Apesar disso, o cenário não aponta para uma falta de crédito, afirmaram os analistas Bruno Mendonça, Gustavo Schroden, Pedro Lobato e Eric Ito, que assinaram um profundo relatório do banco sobre o setor.
O estudo se debruçou sobre a carteira de crédito baseada em recursos do Sistema Brasileiro de Poupança e Empréstimo (SBPE), que tradicionalmente é usada para financiar imóveis de médio e alto padrão.
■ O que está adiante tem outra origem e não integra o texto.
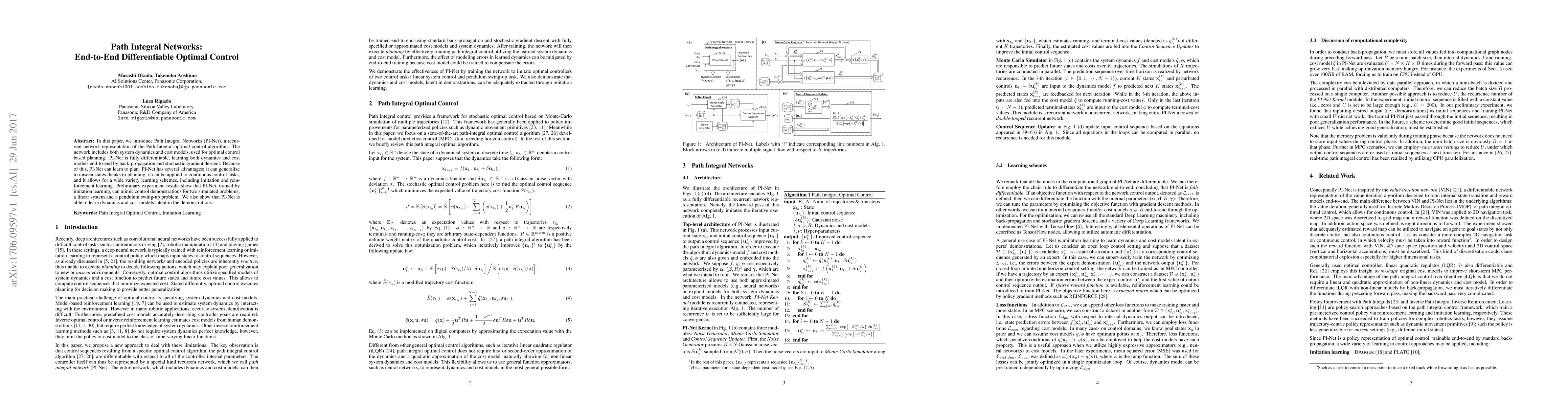 This paper introduces Path Integral Networks (PI-Net), a differentiable recurrent network that represents the Path Integral optimal control algorithm for end-to-end planning and control. PI-Net learns system dynamics and cost models through back-propagation, demonstrating generalization and applicability to continuous control tasks.

Não entraram aqui os financiamentos para imóveis populares, dentro do Minha Casa Minha Vida, que são abastecidos pelo Fundo de Garantia do Tempo de Serviço (FGTS).
Os analistas diagnosticaram que a carteira de crédito imobiliário dos cinco principais bancos do setor (Caixa Econômica Federal, Itaú, Bradesco, Santander e Banco do Brasil) no fim de 2023 era composta, em média, por 27% de recursos com origem fora das cadernetas, o que implica em um custo maior para as transações e menor capacidade de tomada de crédito pelos consumidores e pelas empresas.
O nome técnico para esse "inchaço" é "sobreaplicação" ou "sobrealoção". Independente do nome, trata-se de um crescimento relevante em relação a 2022, quando este foi de 18%. O patamar de 2023 quase alcançou o pico histórico de 28%, registrado em 2015, quando o País estava em recessão, com juros subindo, e os financiamentos para habitação tiveram uma das maiores secas da história.
Vale lembrar que funciona assim: as regras do Banco Central determinam que 65% dos depósitos das cadernetas sejam destinados ao crédito imobiliário. A regulação visa dar liquidez à compra e à venda de imóveis no País, com oferta de recursos para empréstimos a custos mais baixos de captação. Hoje, a poupança tem remuneração de TR + 6%.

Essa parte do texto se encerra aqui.